For some implementation details of "identifying the editing area", please refer to S14-S18 in Example 1 and its related instructions. For example, the user's operation of selecting the editing area in the first picture can be an operation of clicking or long pressing an object in the first picture. As shown in Figure 7, in the first picture 71, the user selects "sky" as the editing area by clicking the object "sky". For another example, the way to distinguish and display the editing area in the first picture may include but is not limited to: highlighting the outline of the editing area, highlighting the entire editing area, or displaying a dotted box along the outline of the editing area, etc.

In the second embodiment, the preprocessing information may be used to indicate one or more regions. Here, the one or more regions refer to image regions in the first picture, and the image regions in the first picture may be divided into units of objects, and all pixels of an object constitute an image region. The editing region may be determined from the one or more regions. The one or more regions may be regions that the user prefers to edit, or regions that are recommended to edit, or regions that are allowed to edit, and so on. The editing region may be quickly determined based on the preprocessing information without performing image segmentation processing on the first picture.

After the human-computer interaction module detects the user's operation of selecting the editing area in the first picture, the calculation module may first read the preprocessing information:

1. If the pre-processing information only includes indication information of one area, the area is determined as the editing area.

The preprocessing information may only contain the coordinates of the contour points of a region. As shown in FIG21 , the preprocessing information may be in the form of an array in Json format, where an array represents the contour of a region, and each element in the array is a tuple, where the first value of the tuple represents the x-coordinate value of a contour point of the region, and the second value of the tuple represents the y-coordinate value of the contour point. Therefore, the region enclosed by the contour recorded in the array can be determined, and the region can be determined as the editing region.

The preprocessing information is not limited to the Jason format and may also adopt other data formats.

Not limited to the coordinates of the contour points of the region, the data content in the preprocessing information can also be a binary image, a grayscale image, etc.

The preprocessing information may also be a binary image containing only one region. In the binary image, only one region has a first value. The binary image may be exemplified as shown in FIG22, wherein one element corresponds to one pixel, the coordinates of the element may represent the position of the pixel, the value of the element may represent the pixel category of the pixel, and is binarized, such as "1" may represent that the pixel at this position belongs to the "sky", and "0" may represent that the pixel at this position does not belong to the "sky". Based on the binary image shown in FIG22, an area with a value of "1" ("sky" area, the first value is "1") or an area with a value of "0" (non-"sky" area, the first value is "0") may be determined as an editing area.

The preprocessing information may be a grayscale image, in which only one region may have a grayscale value of a specific grayscale value or be within a specific grayscale range. Therefore, the only region may be determined as the editing region based on the grayscale image.

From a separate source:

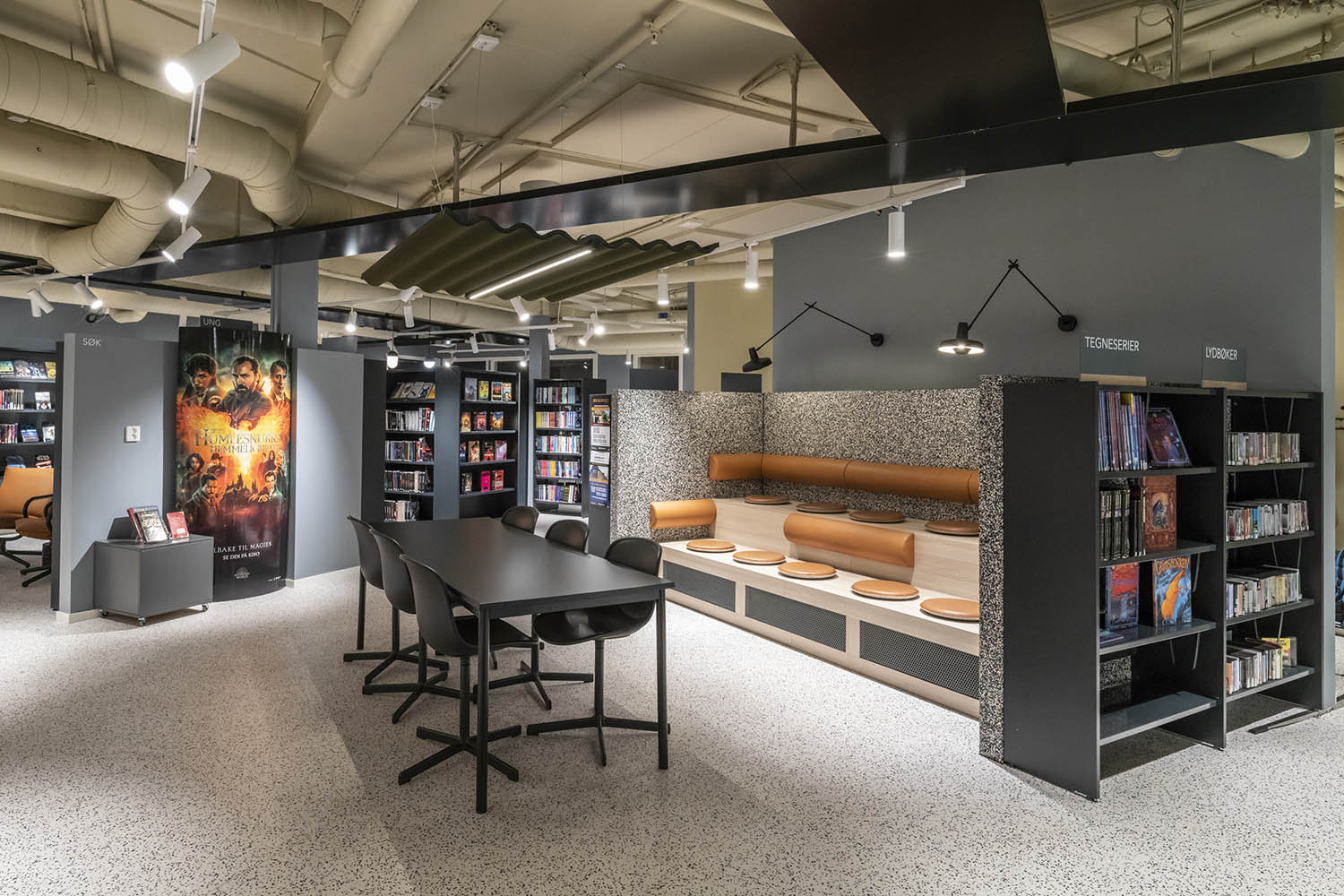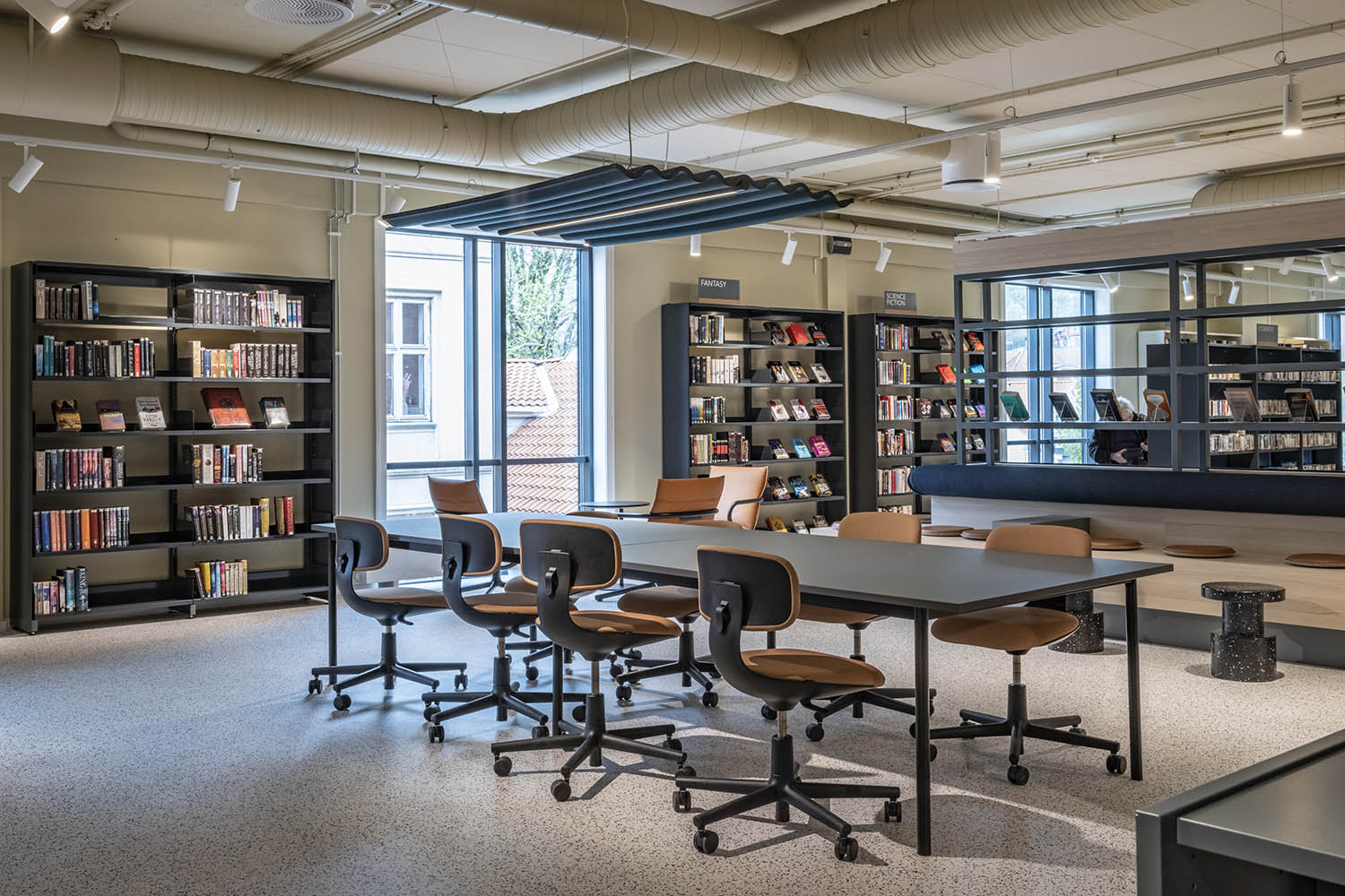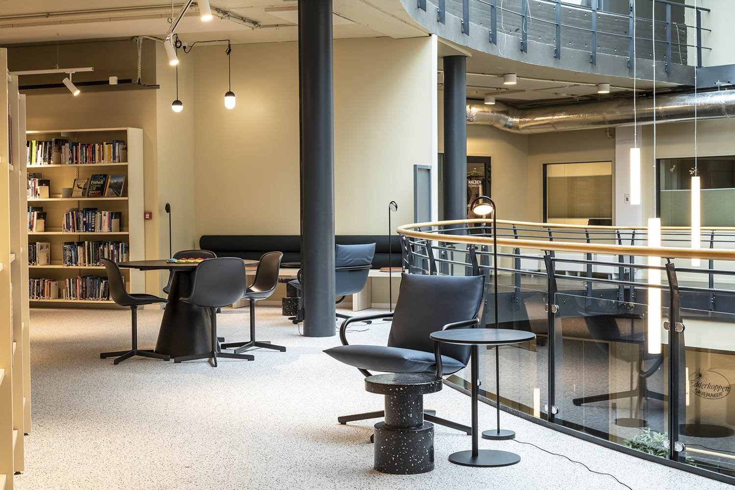 Le secteur adulte est, quant à lui, situé au 1er étage, où se trouvent, en plus des zones de lecture, de petits espaces pour les événements scénographiques et une salle dédiée au "Makerspace", tiers lieu de type atelier numérique, imprimante 3D. Les archives municipales d’Halden ont également leur propre espace dans la bibliothèque.

2. If the preprocessing information includes indication information of multiple areas, the editing area can be further determined in combination with the action position of the second user operation on the first picture. Specifically, it can be determined which area of the picture the action position is located in, or which area is closer to, and the area is determined as the editing area. In other words, among the multiple areas indicated by the preprocessing information, the area where the action position is located can be determined as the editing area, or the area closest to the action position among the multiple areas can be determined as the area selected by the user. In addition, the area selected by the user can be determined as the editing area.

Furthermore, after determining the area selected by the user, it is also possible to determine whether there are areas in the remaining areas that overlap more with the selected area. If so, the selected area and the area that overlaps more with it are merged into one area, and the merged area is finally determined to be the editing area. In some embodiments, a non-maximum suppression (NMS) algorithm may be used to merge multiple overlapping areas. In the embodiment of the present application, more overlap may mean that the area of the overlapping part exceeds a specific value, such as 10 pixels (px).

In order to directly indicate multiple regions, the preprocessing information may include the coordinates of the contour points of the multiple regions, wherein the coordinates of the contour of each region may be expressed as an array. The preprocessing information may also be a binary image including multiple regions, wherein the values of multiple regions in the binary image are the first value (such as "1"). For example, "1" indicates that the pixel at this position belongs to "flower", and "0" indicates that the pixel at this position does not belong to "flower". The preprocessing information may also be a grayscale image, wherein the grayscale values of multiple regions in the grayscale image are specific grayscale values or are in a specific grayscale range, for example, there are multiple regions whose grayscale values are in the grayscale range of 0-50.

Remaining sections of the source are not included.